Dataset records

#####

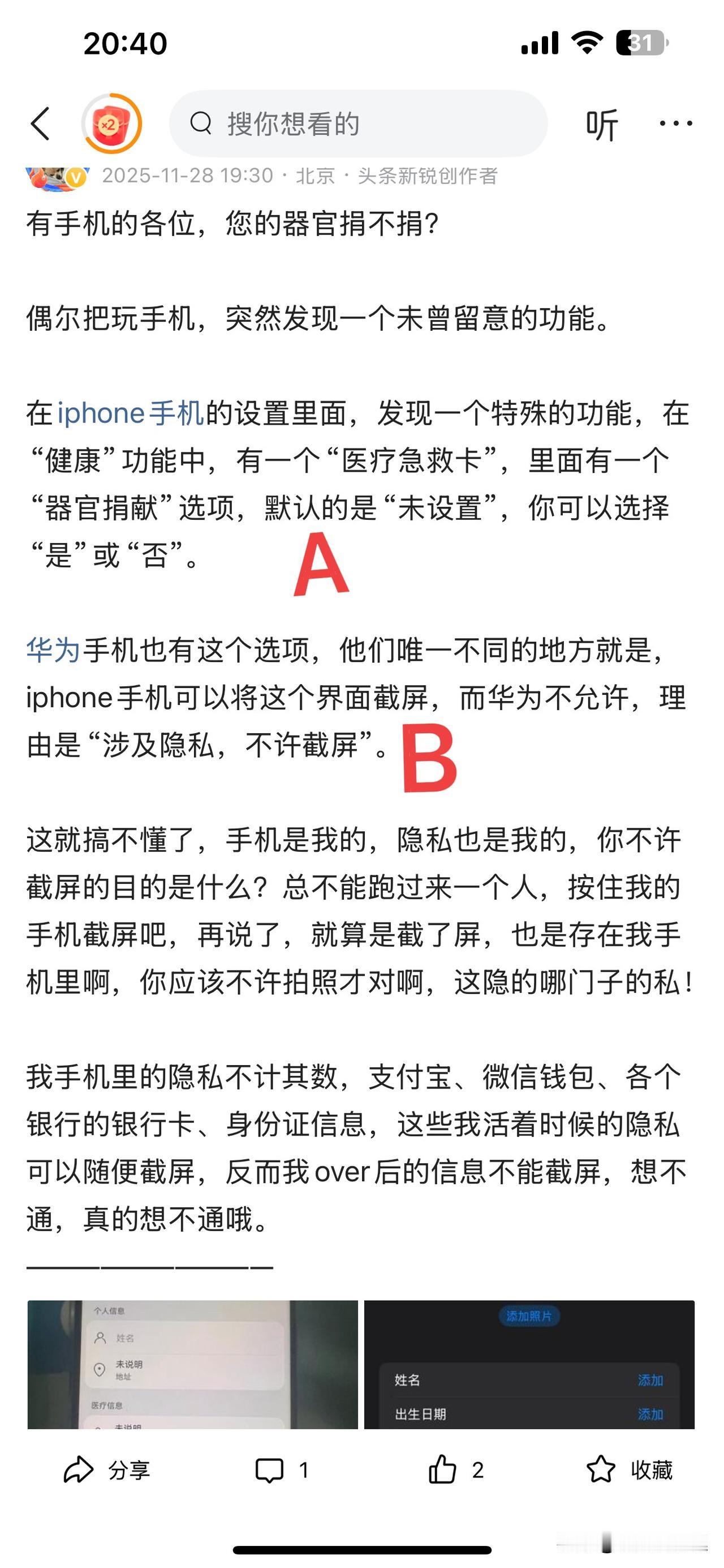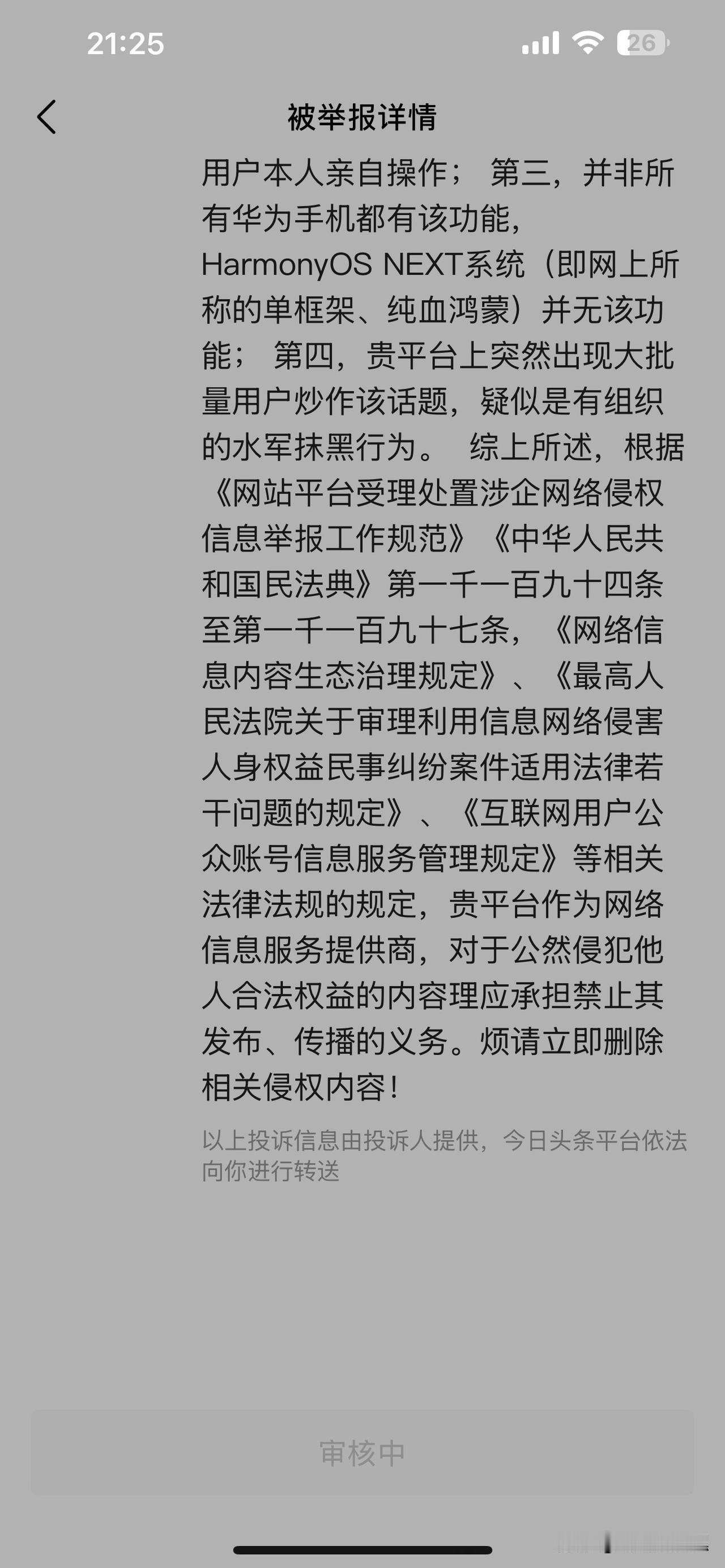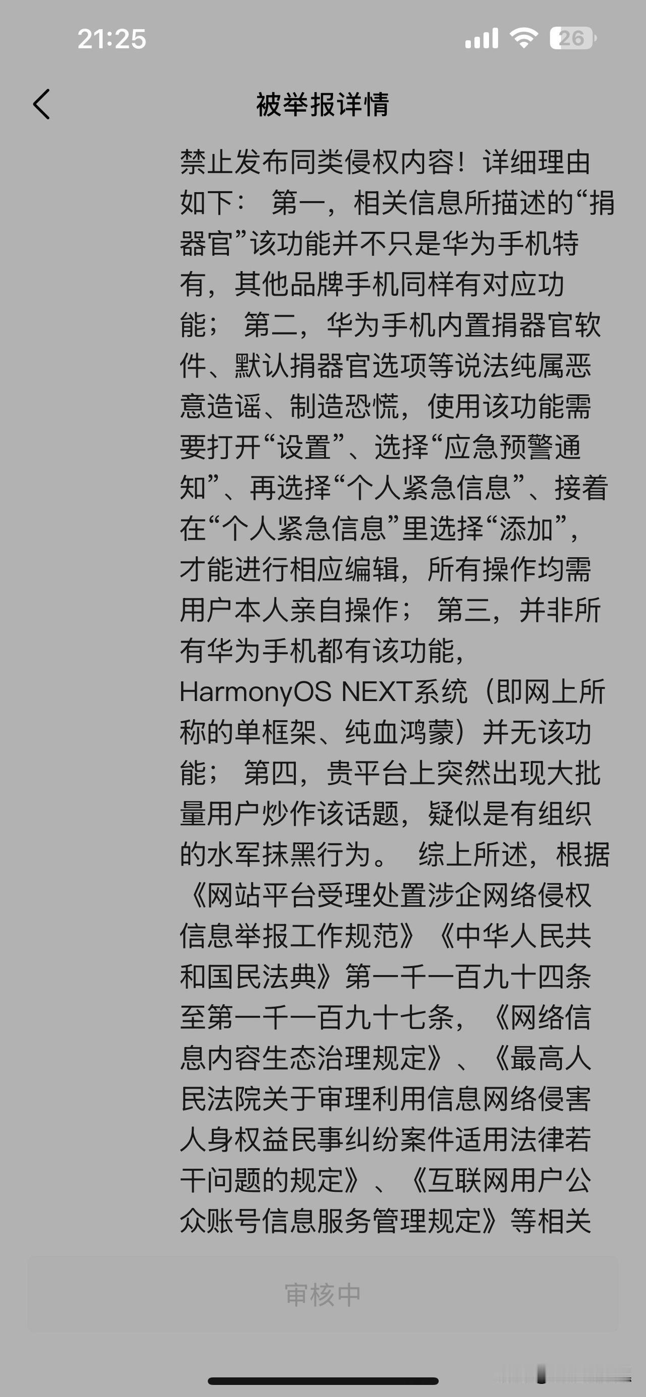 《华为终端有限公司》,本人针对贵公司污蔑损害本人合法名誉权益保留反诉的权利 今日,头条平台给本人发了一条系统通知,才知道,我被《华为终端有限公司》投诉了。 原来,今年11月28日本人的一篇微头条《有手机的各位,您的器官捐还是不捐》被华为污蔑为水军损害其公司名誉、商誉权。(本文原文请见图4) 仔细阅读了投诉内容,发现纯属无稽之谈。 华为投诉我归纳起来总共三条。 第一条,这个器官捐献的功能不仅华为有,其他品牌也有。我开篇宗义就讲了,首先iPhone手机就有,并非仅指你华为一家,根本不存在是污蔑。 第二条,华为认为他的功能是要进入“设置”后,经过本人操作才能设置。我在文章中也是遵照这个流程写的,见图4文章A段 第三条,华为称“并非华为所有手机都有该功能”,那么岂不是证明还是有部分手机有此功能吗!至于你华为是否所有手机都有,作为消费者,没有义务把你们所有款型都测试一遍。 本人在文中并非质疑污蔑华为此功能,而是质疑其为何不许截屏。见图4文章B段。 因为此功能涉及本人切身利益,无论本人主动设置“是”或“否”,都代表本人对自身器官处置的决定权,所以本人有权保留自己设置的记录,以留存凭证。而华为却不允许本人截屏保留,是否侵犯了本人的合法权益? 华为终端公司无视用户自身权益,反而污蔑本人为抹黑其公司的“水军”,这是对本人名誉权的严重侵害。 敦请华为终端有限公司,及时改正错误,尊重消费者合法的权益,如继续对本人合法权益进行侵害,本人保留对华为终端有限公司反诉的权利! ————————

#####

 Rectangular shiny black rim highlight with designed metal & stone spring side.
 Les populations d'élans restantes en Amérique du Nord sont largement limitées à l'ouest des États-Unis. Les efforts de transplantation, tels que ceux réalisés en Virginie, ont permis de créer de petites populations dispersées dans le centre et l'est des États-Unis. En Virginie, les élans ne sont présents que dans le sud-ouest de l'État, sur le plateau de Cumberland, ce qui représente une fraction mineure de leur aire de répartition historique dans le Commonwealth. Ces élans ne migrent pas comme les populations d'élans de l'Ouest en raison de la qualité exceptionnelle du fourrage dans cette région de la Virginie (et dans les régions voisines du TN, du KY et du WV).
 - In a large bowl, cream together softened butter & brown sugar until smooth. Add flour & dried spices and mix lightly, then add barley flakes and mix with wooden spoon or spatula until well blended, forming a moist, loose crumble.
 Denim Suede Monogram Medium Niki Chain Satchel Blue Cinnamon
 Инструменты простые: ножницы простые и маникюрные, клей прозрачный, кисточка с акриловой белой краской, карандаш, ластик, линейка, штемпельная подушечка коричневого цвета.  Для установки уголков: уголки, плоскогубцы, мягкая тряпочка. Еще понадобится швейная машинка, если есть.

#####

Aim of the task
In the data above, which lines lie between the line with "Rectangular shiny black" and the line with "Denim Suede Monogram", inclusive? Print those lines exactly and nothing else.

Output for this exercise
 Rectangular shiny black rim highlight with designed metal & stone spring side.
 Les populations d'élans restantes en Amérique du Nord sont largement limitées à l'ouest des États-Unis. Les efforts de transplantation, tels que ceux réalisés en Virginie, ont permis de créer de petites populations dispersées dans le centre et l'est des États-Unis. En Virginie, les élans ne sont présents que dans le sud-ouest de l'État, sur le plateau de Cumberland, ce qui représente une fraction mineure de leur aire de répartition historique dans le Commonwealth. Ces élans ne migrent pas comme les populations d'élans de l'Ouest en raison de la qualité exceptionnelle du fourrage dans cette région de la Virginie (et dans les régions voisines du TN, du KY et du WV).
 - In a large bowl, cream together softened butter & brown sugar until smooth. Add flour & dried spices and mix lightly, then add barley flakes and mix with wooden spoon or spatula until well blended, forming a moist, loose crumble.
 Denim Suede Monogram Medium Niki Chain Satchel Blue Cinnamon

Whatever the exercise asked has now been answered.